Iceberg Foreign Table
Learn how to integrate Apache Iceberg with Tacnode using foreign tables, enabling advanced table format capabilities for data lakes.
Apache Iceberg is an open table format designed for large-scale data lakes, providing ACID transactions, schema evolution, and time travel capabilities. This guide covers integrating Iceberg tables with Tacnode through REST Catalog APIs.
Apache Iceberg Overview
Apache Iceberg provides enterprise-grade table format capabilities for data lakes:
Key Features
| Feature | Benefit | Use Case |
|---|---|---|
| ACID Transactions | Data consistency guarantees | Concurrent operations, data integrity |
| Schema Evolution | Non-breaking schema changes | Adding columns, data type changes |
| Time Travel | Query historical data states | Audit trails, data recovery |
| Partition Evolution | Change partitioning without rewrites | Performance optimization over time |
| Hidden Partitioning | Automatic partition management | Simplified queries, better performance |
Catalog Types
Iceberg supports multiple catalog implementations:
- REST Catalog: HTTP-based catalog service
- Hive Metastore: Traditional Hive-compatible catalog
- AWS Glue: Managed AWS catalog service
- Hadoop: Filesystem-based catalog
REST Catalog Integration
Install Iceberg FDW Extension
The following instructions are written to be run from the psql command line
-- Install Apache Iceberg foreign data wrapper
CREATE EXTENSION IF NOT EXISTS iceberg_fdw;
-- Verify installation
SELECT extname, extversion
FROM pg_extension
WHERE extname = 'iceberg_fdw';
-- Check FDW capabilities
\des+ iceberg_fdw
Create Iceberg Foreign Server
-- Production Iceberg REST Catalog
CREATE SERVER iceberg_production FOREIGN DATA WRAPPER iceberg_fdw
OPTIONS (
iceberg_rest_catalog_endpoint 'https://iceberg-catalog.company.com/api/catalog',
catalog 'production_catalog'
);
-- Development catalog
CREATE SERVER iceberg_dev FOREIGN DATA WRAPPER iceberg_fdw
OPTIONS (
iceberg_rest_catalog_endpoint 'http://localhost:8181/api/catalog',
catalog 'dev_catalog'
);
Configure Authentication
Authentication
-- authentication headers
CREATE USER MAPPING FOR current_user SERVER iceberg_tenant_a
OPTIONS (
token 'principal:data-reader;realm:company-realm'
);
Schema Management
Import Iceberg Schemas
-- Import entire namespace
IMPORT FOREIGN SCHEMA "sales_analytics"
FROM SERVER iceberg_production
INTO sales_schema;
-- Import specific tables
IMPORT FOREIGN SCHEMA "customer_data"
LIMIT TO (customer_profiles, purchase_history, loyalty_metrics)
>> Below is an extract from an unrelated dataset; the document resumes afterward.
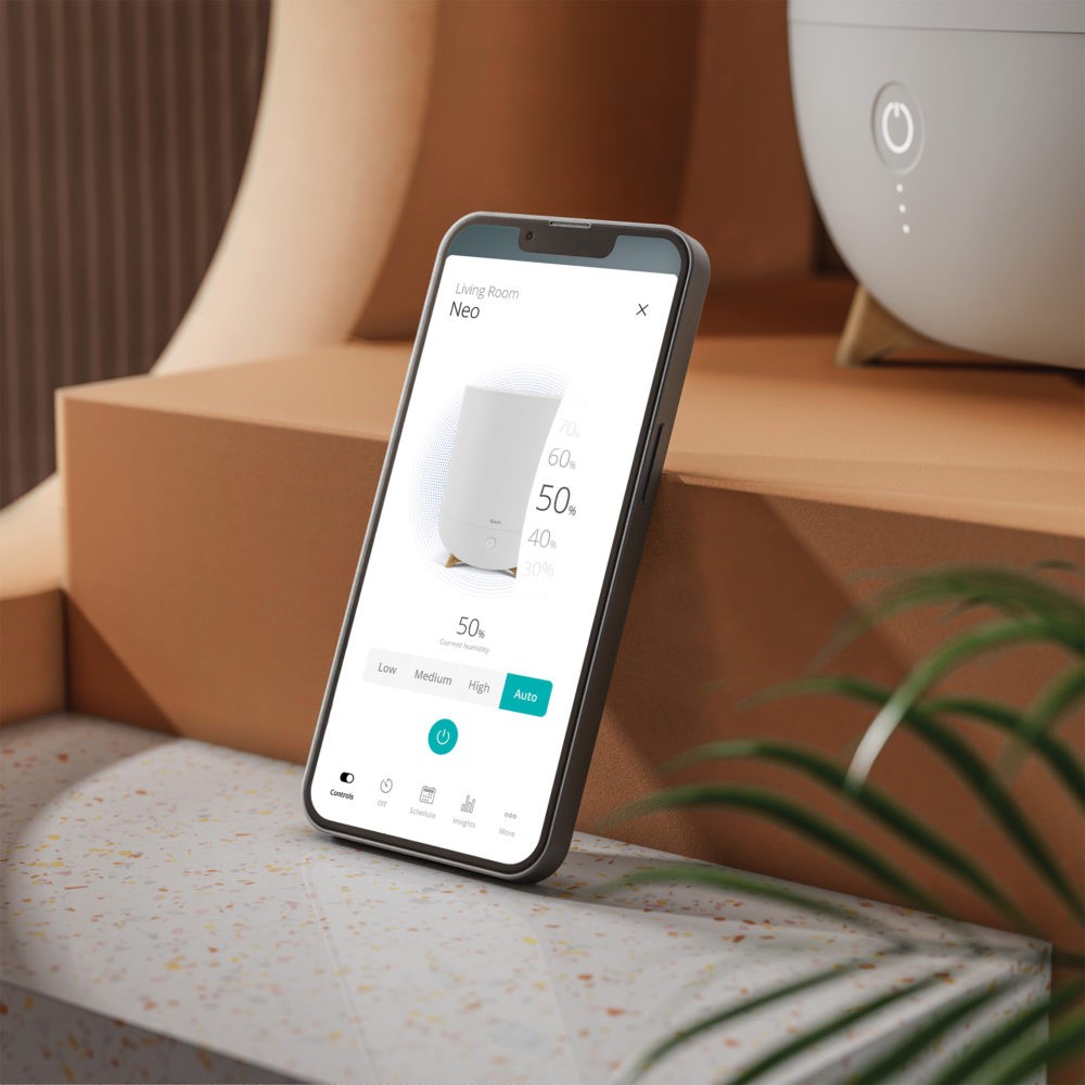 Met de volledig vernieuwde Duux-app neem je volledige controle over de luchtkwaliteit in huis. Stel de luchtvochtigheid in de kamer in op het gewenste comfortniveau of laat Neo de luchtvochtigheid automatisch voor je regelen met zijn ingebouwde hygrostaat.

FROM SERVER iceberg_production
INTO customer_schema;
Best Practices
- Use REST Catalog for scalable metadata management
- Enable time travel for audit trails and data recovery
- Implement proper partitioning for large datasets
- Monitor schema evolution and plan for backward compatibility
- Use materialized views for complex analytical queries
- Implement data quality checks at regular intervals
- Plan snapshot retention policies to control storage costs
- Use appropriate batch sizes for bulk operations
- Some advanced Iceberg features may require specific catalog implementations
- Write performance depends on catalog and storage configuration
- Schema evolution capabilities vary by deployment setup
- Snapshot cleanup requires careful planning to avoid data loss
- Cross-catalog operations are not supported
This comprehensive approach to Apache Iceberg integration enables you to leverage advanced table format capabilities while maintaining optimal performance and data governance in your data lake architecture.